Bomba Pra Caralho
Baseado em carne viva e fatos reais
É o sangue dos meus que escorre pelas marginais
E vocês fazem tão pouco, mas falam demais
Fazem filhos iguais, assim como seus pais
Tão normais e banais, em processos mentais
Sem sistema digestivo lutam para manter vivo
Morto, vivo, morto, vivo, morto, morto, morto, viva!
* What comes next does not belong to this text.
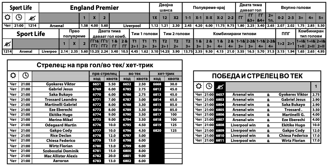 Триумфот на „црвените“ може да се комбинира со Екитике, Гакпо, Кјеза и Вирц, а со оглед на фактот дека Арсенал е фаворит со квота од 1.58 за победа, квотите за комбинации на „топчиите“ се движат помеѓу 2.75 и 4.00.

Bomba pra caralho, bala de borracha, censura, fratura exposta
Fatura da viatura, que não atura pobre, preta, revoltada
Sem vergonha, sem justiça, tem medo de nós
Não suporta a ameaça dessa raça
Que pra sua desgraça a gente acende, (a) ponta, mata a cobra, arranca o pau
Tem fogo no rabo, passa, faz fumaça, faça chuca ou faça Sol
É uó, (u) ócio do comício em ofício que policia
O comércio de lucros e loucos que aos poucos
Arrancam o couro dos outros mais pretos que louros, os mouros
Morenos, mulatos, pardos de papel passado presente futuro
Mais que perfeito, em cima do muro, em baixo de murro
No morro, na marra quem morre sou eu? Ou sou eu quem mata?
Quem mata, quem multa, quem mata sou eu? Ou sou eu quem mata?
Quem mata, quem multa, quem mata sou eu? Ou sou eu quem mata?
Bomba sangrienta
Basado en carne viva y hechos reales
Es la sangre mía que fluye a través de los parias
Y haces tan poco, pero hablas demasiado
Hacen a los niños iguales, igual que sus padres
Tan normal y banal, en los procesos mentales
Sin sistema digestivo lucha para mantener vivo
¡Muerto, vivo, muerto, muerto, muerto, vivo!
Bomba sangrienta, bala de goma, censura, fractura abierta
Factura del coche, que no toma pobre, negro, enojado
Desvergonzado, sin justicia, miedo de nosotros
No soporto la amenaza de esta carrera
Que para su desgracia encendemos, (a) punta, matar a la serpiente, tirar del palo
Tienes fuego en la cola, pasa, fuma, sopla o brilla
Es uó, (u) la ociosidad de la manifestación en el comercio que la policía
El comercio de beneficios y locos que poco a poco
Ellos arrancan la piel de otros más negros que rubios, los moros
Morenas, mulata, papel marrón pasado presente futuro
Más que perfecto, en la pared, bajo el golpe
En la colina, ¿soy yo el que muere? ¿O soy yo el que mata?
¿Quién mata, quién multa, quién me mata? ¿O soy yo el que mata?
¿Quién mata, quién multa, quién me mata? ¿O soy yo el que mata?